This PR provides a PostgreSQL output plugin.
This is a continuation of #3428 …but massively reworked. There are a lot of breaking changes to address issues/limitations, as well as performance optimizations.
The performance optimizations are not minor either. The original code from #3428 benchmarked at around 250 points per second (using real production data). Its been a bit since I last ran a benchmark, but last time I did I was able to get around 60,000 points per second.
closes #3408 closes #3428
Major changes from #3428:
* Deterministic tags when using `tags_as_foreign_keys`.
Previous code utilized an auto-generated serial to obtain the tag ID for a set of tags. This resulted in a severe bottleneck as the tag IDs have to be looked up from the database for every single series. The new code hashes the tags & their values (within telegraf) to generate the tag ID.
* Connection pooling & concurrency.
The plugin allows multiple simultaneous inserts into the database. Each batch is split into a separate insert (COPY) per measurement/table, which can run in parallel. If the plugin receives batches faster than a single connection can write, each batch will also be inserted in parallel.
* Use of `numeric` data type for `uint64`.
Previous code used `bigint` for `uint64`. This would result in overflow errors when inserting values larger than an `int64` as `bigint` is a signed 64-bit integer. `numeric` is an arbitrary precision exact value numeric data type. It is less performant than `bigint`, but it's the only datatype that can hold the full `uint64` range.
* More powerful schema modification template statements.
For table creation & column addition, a more powerful mechanism was implemented. The new template statements use golang's text/template library with lots of provided variables, methods, & functions to allow for a virtually any use case. Some example configs are provided below to demonstrate. Comprehensive documentation on this functionality will be added.
* Better error handling.
The old code didn't use transactions, and would infinitely retry the entire batch on error. This resulted in things like duplicate inserts. As mentioned earlier, each measurement is a separate sub-batch so this mitigates some of the scope of errors. Each sub-batch is inserted in a transaction, so there's no risk of duplicates. In addition, the plugin is able to discern between temporary and permanent errors. A permanent error is something like bad SQL that will always fail now matter how many times you retry it. A temporary error is something like a failed connection, where a retry may succeed. Temporary errors will infinitely retry (with incremental backoff), while permanent errors will discard the sub-batch.

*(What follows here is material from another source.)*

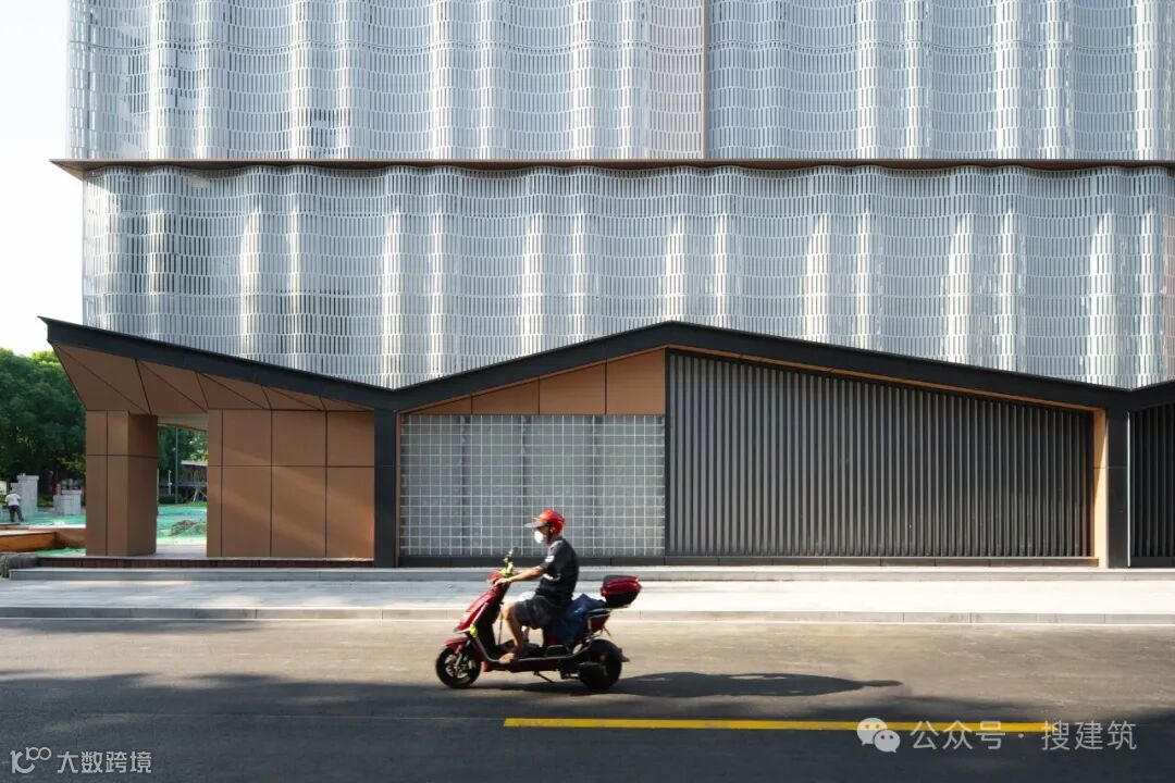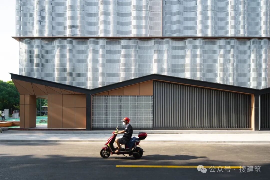 项目内设的海盐非物质文化遗产馆(以下简称“非遗馆”)已开启试运营。其立面更新采用波纹穿孔铝板,通过水平线条与垂直构件的交错构图,新旧相宜,又充满现代气息。

Note that there are breaking changes in the db schema:
* If using `tags_as_foreign_keys`, the `tag_id` column type is now `bigint`. However if the column type is changed to `bigint` preserving the records, then while the plugin will use new `tag_id` values, and insert new records, joins should be functional.
* If field type is `uint64`, the column type is now `numeric` instead of `bigint`. Leaving the column type as `bigint` should still work unless values exceed the maximum of `bigint`.
* Tag columns, when not using `tags_as_foreign_keys`, must be [commented](https://www.postgresql.org/docs/12/sql-comment.html) with the string `tag` at the beginning. Failure to do so will result in some of the add column template functionality not working properly.
Right now this PR is a draft as I want to run it in an environment with a TimescaleDB similar to how we plan on deploying it to production. However there are several blocking issues with TimescaleDB preventing me from being able to do this. All the tests are still for the old code, and have not been updated (and thus won't even compile). There's also still a few more minor changes to make, as well as general cleanup. So I'm taking this opportunity to put it out for preview so that feedback can be gathered and any architectural changes can be made.
I have not done exhaustive testing, so there may be bugs. I do not know of any right now, so if any are found, please raise them.
### Example templating
Below are some example templates I've been using in my testing. The scenario is for use with TimescaleDB. The templates basically allow creating the tables in the `telegraf` schema, and then a view in the `public` schema which joins the tag table and the data table making it easier to work with. In addition since you cannot add columns to a TimescaleDB hypertable with compression, it creates a new table when columns are added, and creates another view which `UNION`s the old and new tables.
This is probably one of the most complex use cases possible, but it demonstrates the power and flexibility of the templating.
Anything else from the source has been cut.